Майлзу показалось, что у этих сигарет привкус молока; на секунду почудилось, что он в чьем-нибудь доме - только не в своем, конечно же - завернутый в одеяло или миллионную толстовку, распивает третью чашку самого крепкого чая, разбавленного молоком, вместо кипятка. Естественно ступни его все равно мерзнут, потому что босые, естественно голос все такой же, скрипящий и неродной какой-то, естественно в голове пустота. Разница лишь в том, что на станции, на которой кроме него присутствует разве что десяток незнакомых человек, зияющая пропасть в голове ужасает, пугает и заставляет делать затяжку за затяжкой. Не его это, безусловно, дело - думать, но и задаваться вопросами через сколько у него все-таки отвалится нос и заиндевеют волосы не входило в его привычки. Он, если бы хотел или хотя бы знал как, давно бы выбрал альтернативный маршрут и пришлепал бы даже пешком быстрее всех лондонских поездов вместе взятых.
Ноги не слушались, ну да - застывшие и окоченевшие не давали Майлзу даже отвернутся от путей и не высматривать мифические огни приближающегося поезда, не начинать слепнуть от зарождающегося рассвета. Декабрь, мать его, заморозил не только отдельно взятого человека, но и все Соединенное Королевство - только какие-то галки блуждали по рельсам да рассекали мерзкий ледяной воздух.
Майлз выкинул еще один окурок себе под ноги - шмыгнул носом и вдохнул собственный запах напрочь прокуренного и немного поддатого (он же черт знает где и как опять напился точно свинья, а потом вот опомнился, как золушка, и побежал к своей тыкве на встречу с феей-крестной) парня с разбитым сердцем.
Разбитом на ровном месте.
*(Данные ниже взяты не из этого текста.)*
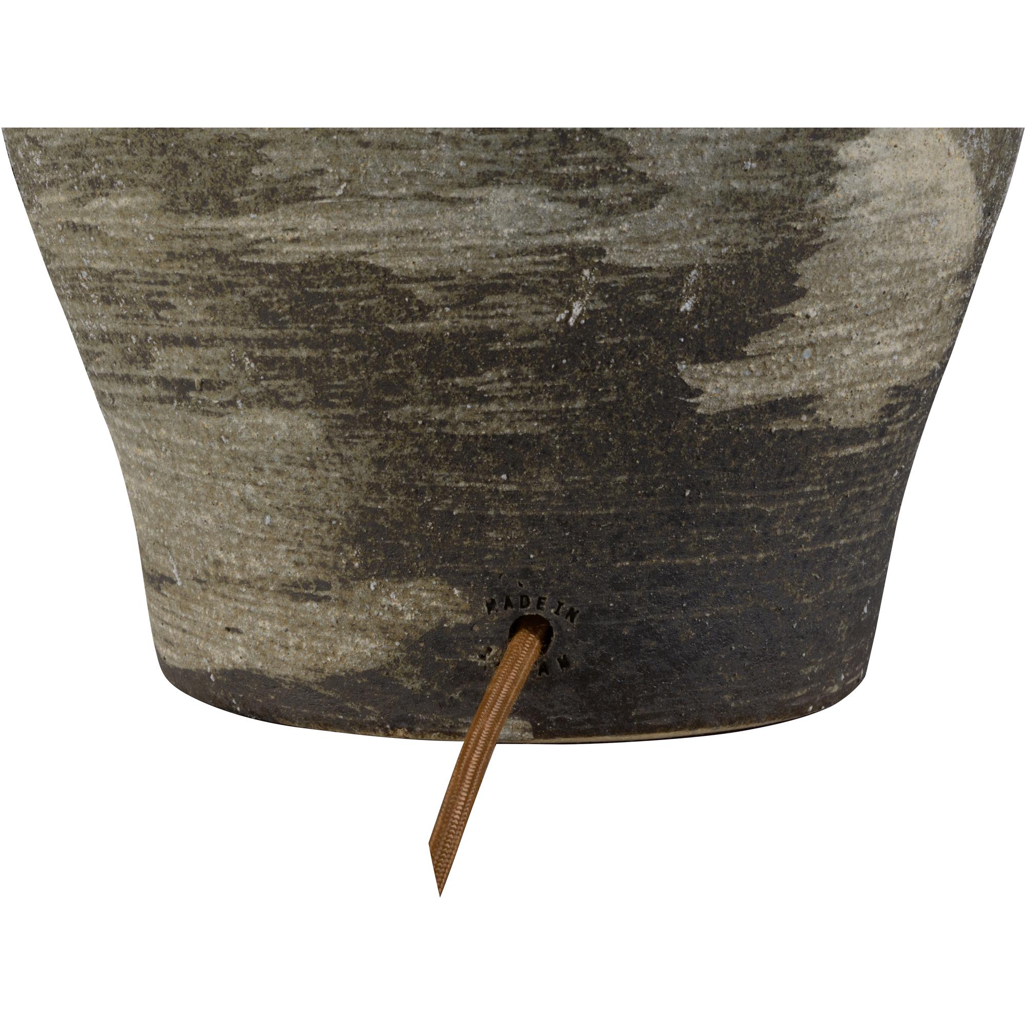 The Riku Table Lamp, part of the Shiga collection, offers a modern interpretation of traditional Japanese artistry, combining raw clay with a smooth drip glaze. The hand-turned ceramic body features a natural, earthy finish that highlights the organic texture of the clay unique to the Shigaraki region, while the glossy indigo glaze flows down the surface. This fusion of rough and refined elements makes the Riku Lamp a unique statement piece that blends timeless craftsmanship with contemporary design.

Замерзло оно, наверное, покрылось корочкой, а потом не выдержало - сорвалось, и треснутая оболочка вызволила содержимое наружу, в вечную мерзлоту. Да, именно так и было, сам Майлз подтвердит - случилось просто так, ничего не предвещало. Он сдуру - видно, совсем заморозился - подумал, каково это, когда несчастные влюбленные или отчаянные влюбленные или еще кто-нибудь отчаянный вдруг берут и кидаются под поезда, чтобы их размазало по путям, раздавило как мух. Их же грудные клетки трескаются и выпускают наболевшее, а все без толку - самоубийцам все одинаково неважно. Ему, если так подумать, тоже уже не принципиально кого, когда, где, сколько раз, на сколько сильно и любить ли вообще. Стоп, дурак - сама мысль о суициде, о его суициде кажется достойной исключительно бульварных таблоидов и какого-то идиотского Клуба 25 - собрании призраков умерших знаменитостей, претендующих занять место Клуба 27.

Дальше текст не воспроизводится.